EXERCISE AIM
Exactly the lines from the one with "- qoj.Z9S04 K18 ゴールド オニキス ダイヤモンドデザイン ネックレス" through the end of the data below must be set down, and no pictures with them.

Saved data entries
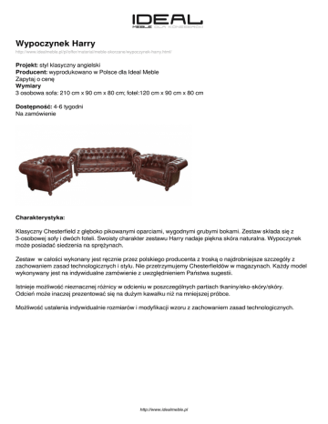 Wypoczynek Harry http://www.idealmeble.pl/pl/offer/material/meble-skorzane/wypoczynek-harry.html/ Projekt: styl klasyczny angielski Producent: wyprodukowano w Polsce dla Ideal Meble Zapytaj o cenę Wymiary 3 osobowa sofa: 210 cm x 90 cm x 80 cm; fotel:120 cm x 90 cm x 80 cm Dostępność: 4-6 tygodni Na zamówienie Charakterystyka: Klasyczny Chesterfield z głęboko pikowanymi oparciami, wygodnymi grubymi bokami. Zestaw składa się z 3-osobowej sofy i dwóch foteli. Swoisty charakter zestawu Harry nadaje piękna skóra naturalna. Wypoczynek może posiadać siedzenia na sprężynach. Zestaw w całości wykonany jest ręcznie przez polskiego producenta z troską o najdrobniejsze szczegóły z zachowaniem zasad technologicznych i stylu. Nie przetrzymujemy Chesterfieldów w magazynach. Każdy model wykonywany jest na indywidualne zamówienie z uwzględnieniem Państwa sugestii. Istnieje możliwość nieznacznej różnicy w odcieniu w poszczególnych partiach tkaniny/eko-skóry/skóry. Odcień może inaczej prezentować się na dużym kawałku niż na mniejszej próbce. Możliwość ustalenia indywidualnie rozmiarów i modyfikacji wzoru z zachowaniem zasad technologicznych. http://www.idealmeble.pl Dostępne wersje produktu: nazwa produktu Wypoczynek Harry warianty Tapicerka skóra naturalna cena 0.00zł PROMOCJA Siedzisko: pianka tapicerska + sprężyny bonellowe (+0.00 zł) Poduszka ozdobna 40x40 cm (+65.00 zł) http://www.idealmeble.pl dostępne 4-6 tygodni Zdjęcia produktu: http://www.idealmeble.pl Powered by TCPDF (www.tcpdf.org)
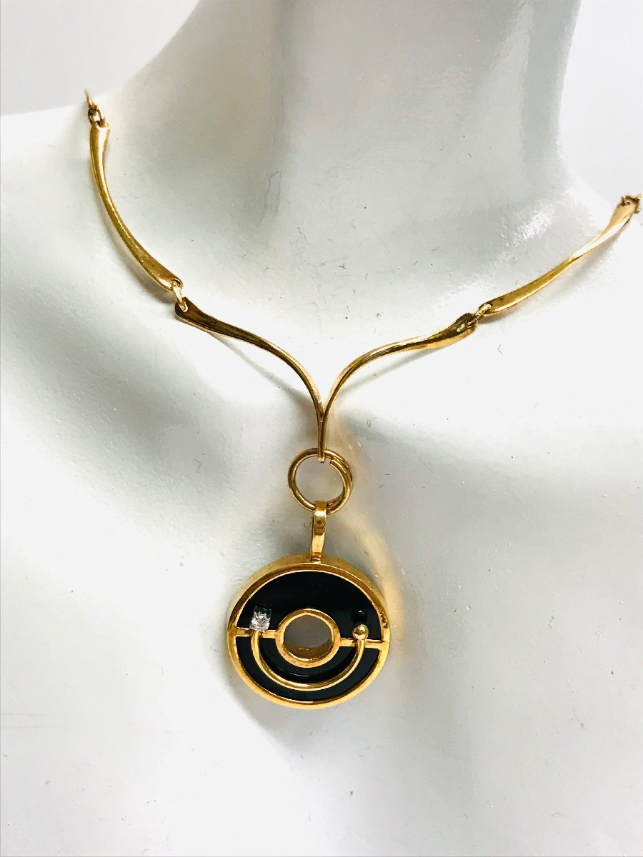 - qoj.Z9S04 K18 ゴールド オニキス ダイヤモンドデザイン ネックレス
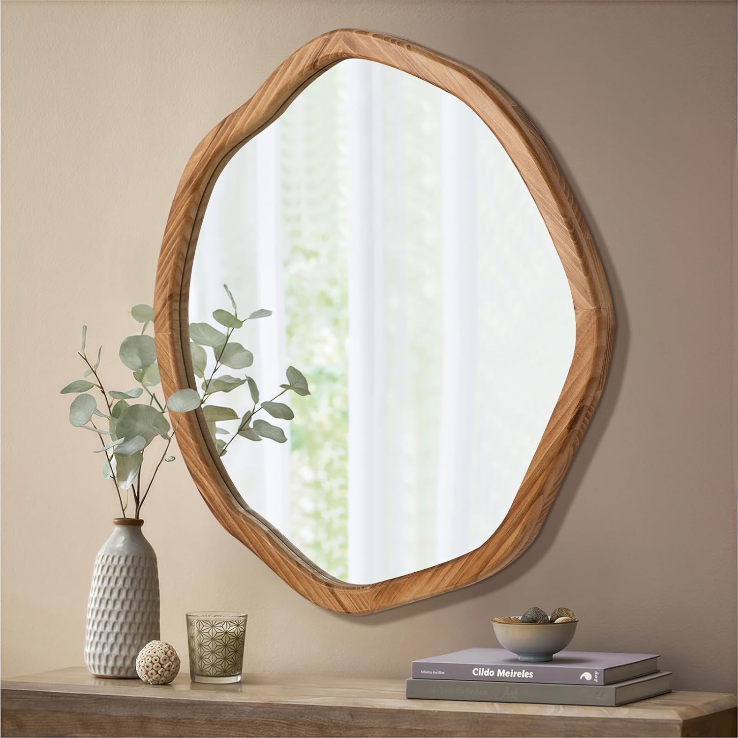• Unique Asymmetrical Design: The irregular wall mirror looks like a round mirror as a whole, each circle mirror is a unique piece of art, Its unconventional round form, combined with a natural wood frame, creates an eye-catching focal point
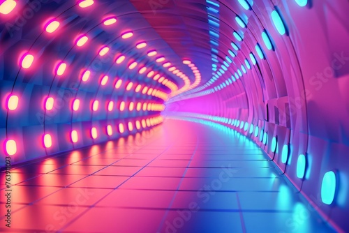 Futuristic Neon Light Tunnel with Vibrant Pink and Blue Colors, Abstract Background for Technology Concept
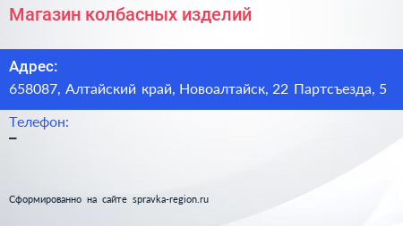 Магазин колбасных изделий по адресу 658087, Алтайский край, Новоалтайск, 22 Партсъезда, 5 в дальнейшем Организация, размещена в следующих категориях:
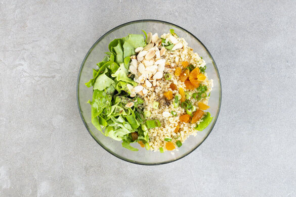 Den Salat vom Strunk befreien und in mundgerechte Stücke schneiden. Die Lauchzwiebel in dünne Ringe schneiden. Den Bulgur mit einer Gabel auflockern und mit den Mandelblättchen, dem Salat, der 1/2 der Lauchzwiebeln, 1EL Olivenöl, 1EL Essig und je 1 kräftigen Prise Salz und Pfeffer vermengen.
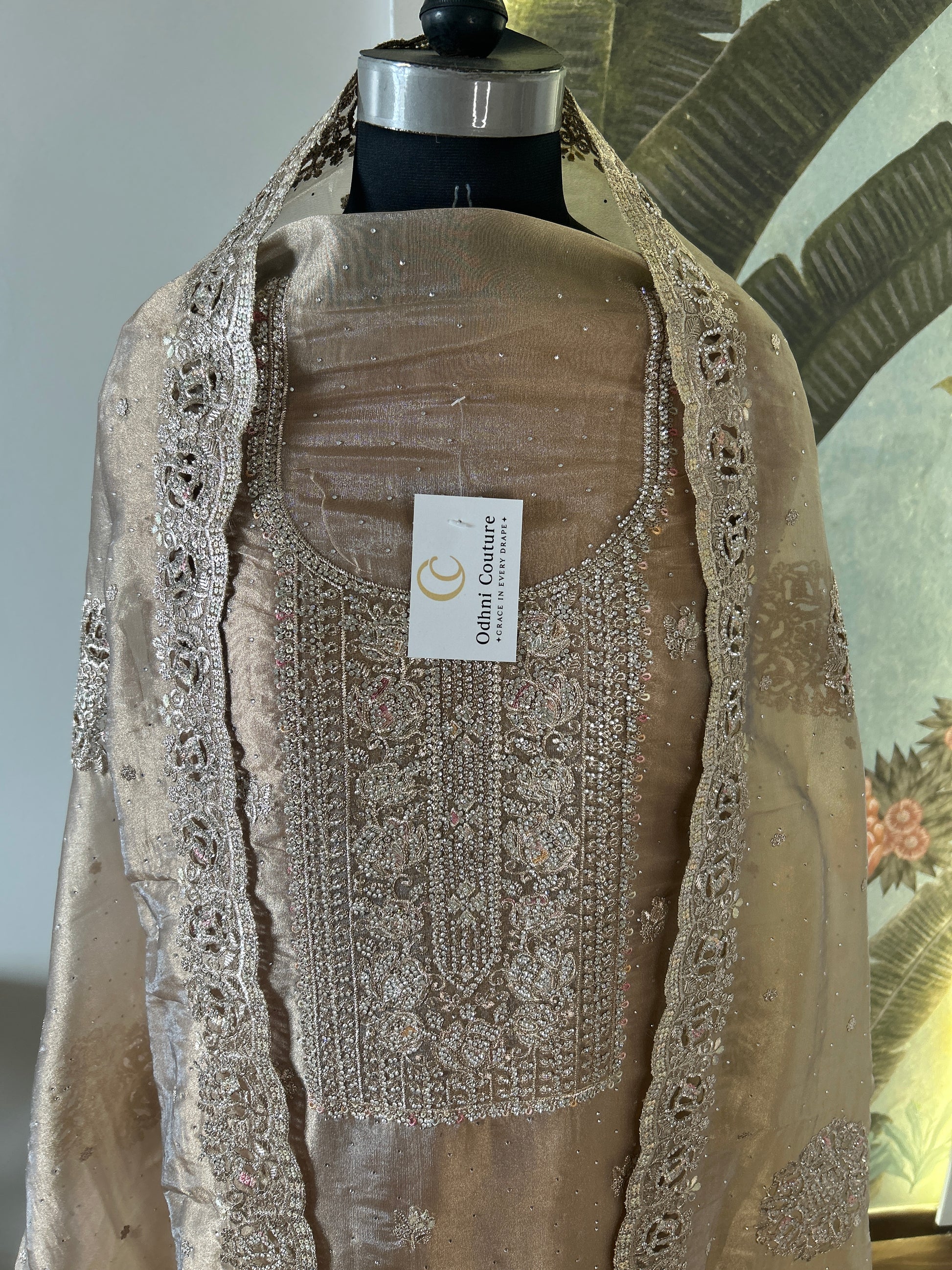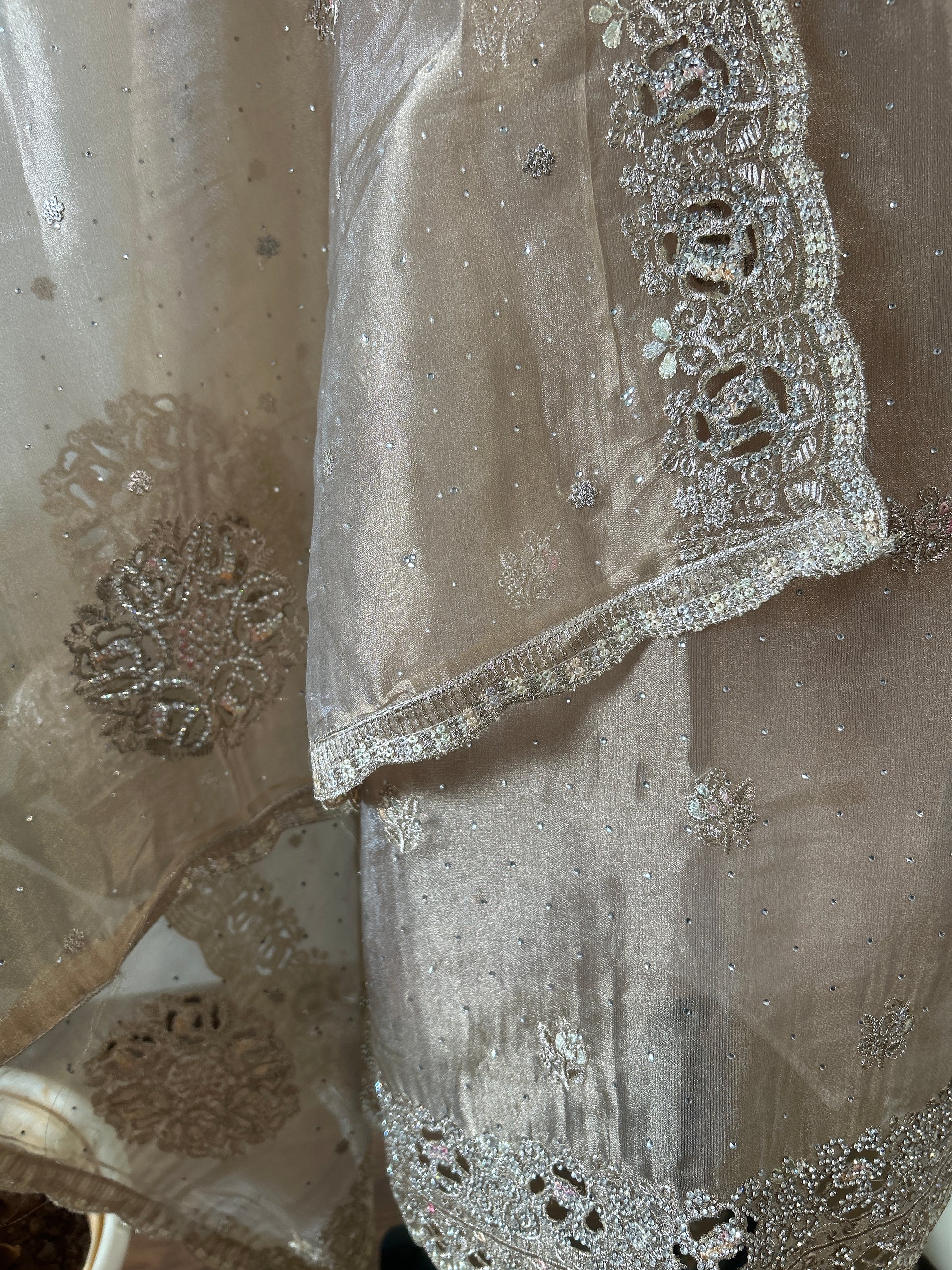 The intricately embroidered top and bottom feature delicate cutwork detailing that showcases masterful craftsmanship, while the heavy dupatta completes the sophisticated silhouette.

ANSWER FOR THIS EXERCISE
 - qoj.Z9S04 K18 ゴールド オニキス ダイヤモンドデザイン ネックレス
• Unique Asymmetrical Design: The irregular wall mirror looks like a round mirror as a whole, each circle mirror is a unique piece of art, Its unconventional round form, combined with a natural wood frame, creates an eye-catching focal point
 Futuristic Neon Light Tunnel with Vibrant Pink and Blue Colors, Abstract Background for Technology Concept
 Магазин колбасных изделий по адресу 658087, Алтайский край, Новоалтайск, 22 Партсъезда, 5 в дальнейшем Организация, размещена в следующих категориях:
 Den Salat vom Strunk befreien und in mundgerechte Stücke schneiden. Die Lauchzwiebel in dünne Ringe schneiden. Den Bulgur mit einer Gabel auflockern und mit den Mandelblättchen, dem Salat, der 1/2 der Lauchzwiebeln, 1EL Olivenöl, 1EL Essig und je 1 kräftigen Prise Salz und Pfeffer vermengen.
 The intricately embroidered top and bottom feature delicate cutwork detailing that showcases masterful craftsmanship, while the heavy dupatta completes the sophisticated silhouette.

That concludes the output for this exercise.